Regardless, using integrative, quantitative molecular signatures to predict human health states at an individual level is one of the most important goals in precision medicine. To successfully diagnose abnormal health states before canonical clinical symptoms appear, it would be crucial to detect molecular signatures of diseases in advance of their actual manifestation and define molecular symptoms. From this study, it is encouraging to observe that RNA expression and DNA methylation changes were associated with disease signatures, and DNA methylation changes were evident at time points preceding clinical symptoms, making early detection or even early prevention possible. In our current understanding, no single type of omics data is sufficient to predict precise human health states, but it may be possible to integrate multiple types of omics data to improve prediction power for a wide variety of disease types.
Methods
Subjects.
The subject in this study was recruited under the institutional review board protocol IRB-8629 at Stanford University, using written informed consent.
Sample collection.
Peripheral blood samples were collected at each time point and PBMCs were isolated by density gradient centrifugation at 400 × g for 25 min using Lymphocyte Separation Media (MP Biomedicals). Genomic DNA and RNA were isolated simultaneously from the PBMCs using the AllPrep DNA/RNA/Protein Mini Kit (QIAGEN).
WGBS (MethylC-seq).
Briefly, 5 μg genomic DNA was used for preparation of each Illumina library.
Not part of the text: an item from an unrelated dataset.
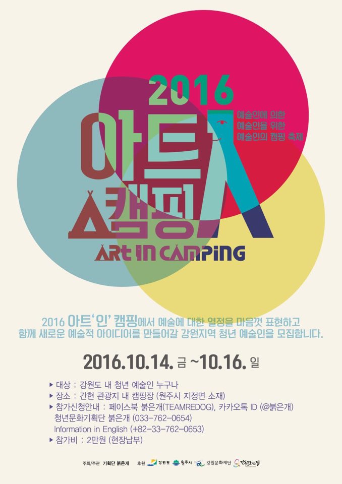 주요행사 : 텐트브리핑, 지원! 공작금, 예술가의 물건, 체험 예술의 현장, 캠핑 라디오,

The genomic DNA was mixed with 25 ng unmethylated lambda DNA (Promega) as bisulfite conversion control, and sheared with the Covaris S2 system with the following settings: use frequency sweeping, intensity 4, duty cycle 10% and bursts per second 200, for a total of 2 min. Fragmented DNA was then concentrated with QIAquick PCR Purification Kit (QIAGEN). The ends of the concentrated DNA were first repaired with the Epicentre End-It DNA End-Repair Kit (Epicentre/Illumina), and a deoxyadenosine was added to the 3’-end with Klenow 3’→ 5’ exo- enzyme (New England Biolabs). The end-repaired, dA-tailed DNA fragments were then ligated with Illumina’s Early Access Methylation Adapter Oligo (Catalog no. ME-100–0010). The ligated libraries were size selected for an average insert size of 300 bp by agarose gel excision and extraction, and underwent bisulfite conversion using the EZ DNA Methylation-Lightning Kit (Zymo Research). Bisulfite-converted, adaptor-ligated DNA was then amplified with the uracil-tolerating PfuTurbo Cx Hotstart DNA polymerase (Agilent Technologies) using the following program: 98 °C 2 min, 15 cycles of (98 °C 30 sec, 60 °C 30 sec, 72 °C 30 sec), 72 °C 10 min. The final amplified libraries were further purified with the Agencourt AMPure XP SPRI beads (Beckman Coulter Genomics), and subjected to 101 base paired-end sequencing using Illumina’s HiSeq 2500 Sequencer.
Whole-transcriptome sequencing (messenger RNA sequencing).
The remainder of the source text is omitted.